So just to be mindful of that, you have a starting point and then you can add more on top of it. If you're dealing with a very specific use case for a very specific system, you can choose to have a tool that will surface additional information or context about that specific system and give it to the agent so you get better quality results.

Wes Reisz: So what's, I guess the execution model is this inside Cursor? Is this inside some IDE that you're running and then triggering this MCP call that talks to what's it look like?

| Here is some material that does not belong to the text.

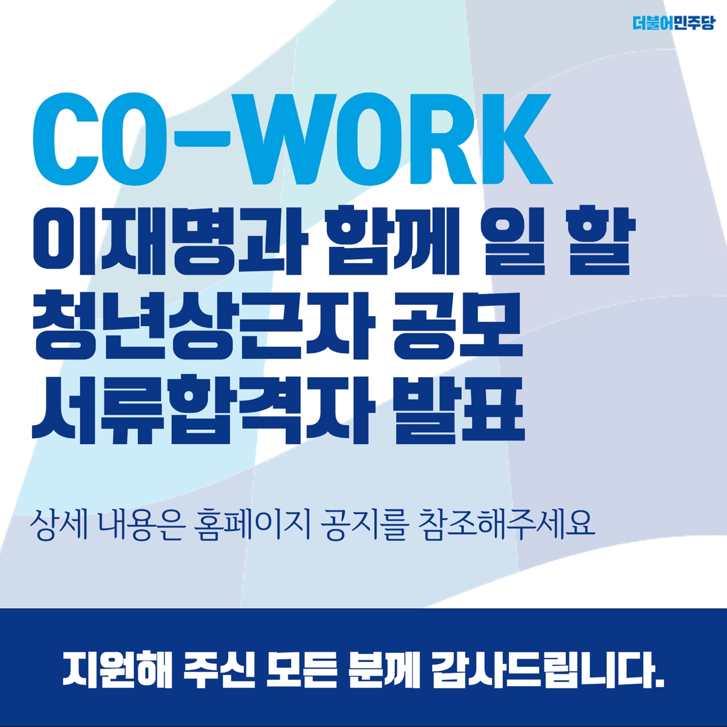 정말 감사합니다. 이재명캠프와 함께 할 ‘2030 콘텐츠 제작팀 공개모집’에 참여해주신 청년 지원자 분들께 감사 인사드립니다.
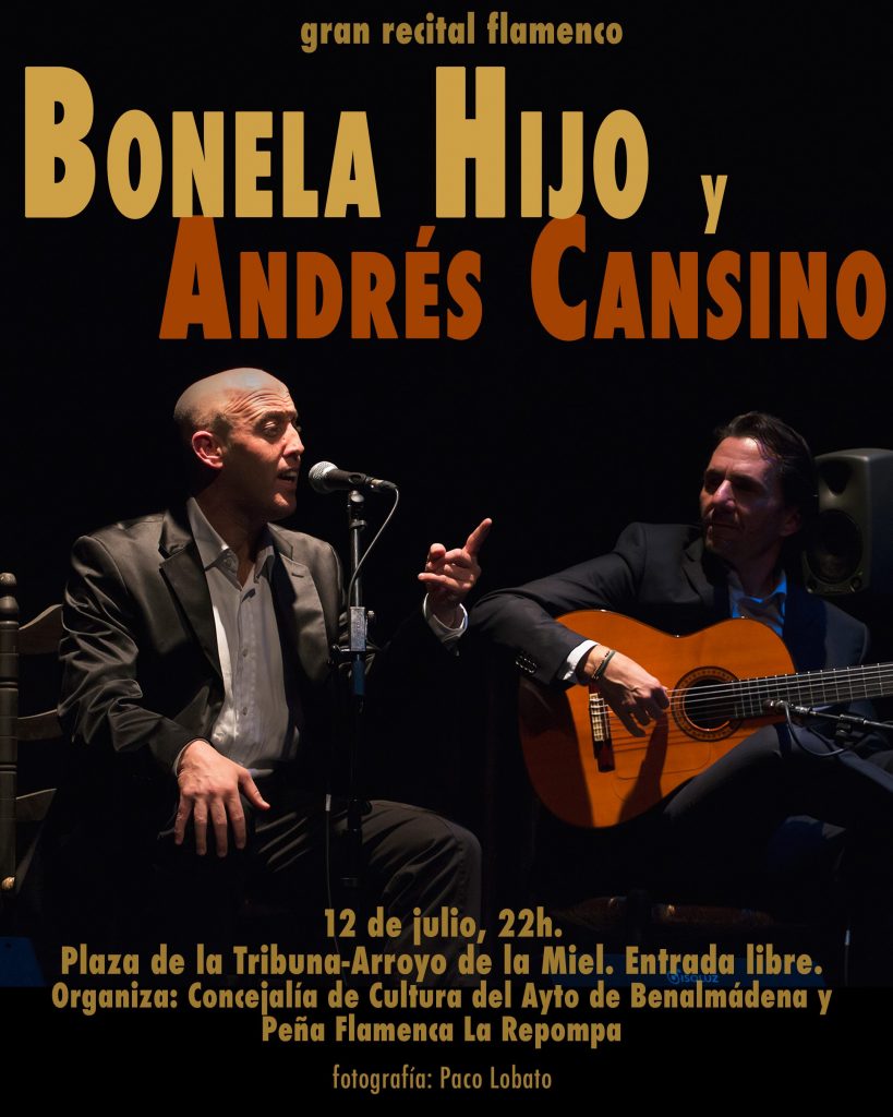 El Ciclo ‘Flamenco en la calle’, que abrió Luisa Chicano la pasada semana y que se celebra en Benalmádena durante los meses de julio y agosto, depara mañana un recital de Bonela Hijo con Andrés Cansino a la guitarra. La cita es en la Plaza de la Tribuna de Arroyo de la Miel a las 22.00 horas. La entrada es libre.

Prince Valluri: What we mainly try to aim for here is to give these agents a very safe sandbox environment for them to execute on. As soon as you as a developer says, "Hey, this is my entire task that I need you to execute", we then orchestrate that flow in a remote sandbox environment, where the agent is free to run and execute and do what it needs to do. But because it's under the platform, there are certain restrictions that the agent cannot cross. It cannot talk to certain systems, it cannot make certain calls, but it is otherwise free to do what it needs to do with the file system and make changes all in that local sandbox assignment.

So we instantiate the agent there along with the context that you provided with your spec or your prompt and then set it up with the tools that you want it to have access to, which is either through MCP or native tools that are already available in the platform because you don't want to keep redoing some tools that are available locally and reading files and searching and globbing and you don't need MCP for stuff like that.

But then there are remote things that you would definitely want to use MCP for, and that's really the setup that we give it. And then there's other pieces like authentication with GitHub and how it should pull repos and how it should push to branches and how it should create a pull request and so on. And that part, again, is handed by the platform. Once the agent is done executing, we then move it on to the next stage of like, "Okay, let's create a pull request out of this change and kind of manage that workflow".

The "Human-in-the-Loop" Review Process [12:23]

Wes Reisz: And so that's the primary one. Everything generates a PR, developers review the PR, make sense.

Prince Valluri: And a very critical piece of this then becomes as a developer, I want to review the PR, like I would a teammate's PR. So I would ask for changes or requests that certain changes need to be made for certain files or certain logic that it implemented or certain documentation or whatever it is. I'm able to review that for request and ask for changes in the agent then picks it back up where it left off, addresses your changes and comes back with updates to the same pull request. So that human in the loop, aspect in the pull request is very critical.

Wes Reisz: One of the things that I found in the process and how much autonomy I can get all the way for an agent before I get to that PR is the level I guess of domain knowledge that the developer has on what's actually happening. When you have deep domain knowledge, you can put evals in there to be able to measure and make sure you're going the right way. How does the platform at LinkedIn allow that domain knowledge to be encapsulated into evals as it moves towards that PR? How do you do that?

Prince Valluri: This really comes from a couple of different places. The first one is we have a huge plethora of pull requests that we have been reviewing, been submitting over the last couple of years at least just to make sure that recency has better quality or is more relevant to what exists today. There's tens or hundreds of thousands of pull requests that we can already use where humans have provided good feedback and other humans have addressed that feedback. And if you really use all of this data and show an agent two PRs, we have enough data for that agent to make a decision and say, "Which is mergeable and which is not". So that creates a very good baseline for us to go off of. And not only that, because of all this historical data, it can also pretty accurately tell you which comments should be added to a certain PR or a certain depth to then take it to a level where it can be mergeable.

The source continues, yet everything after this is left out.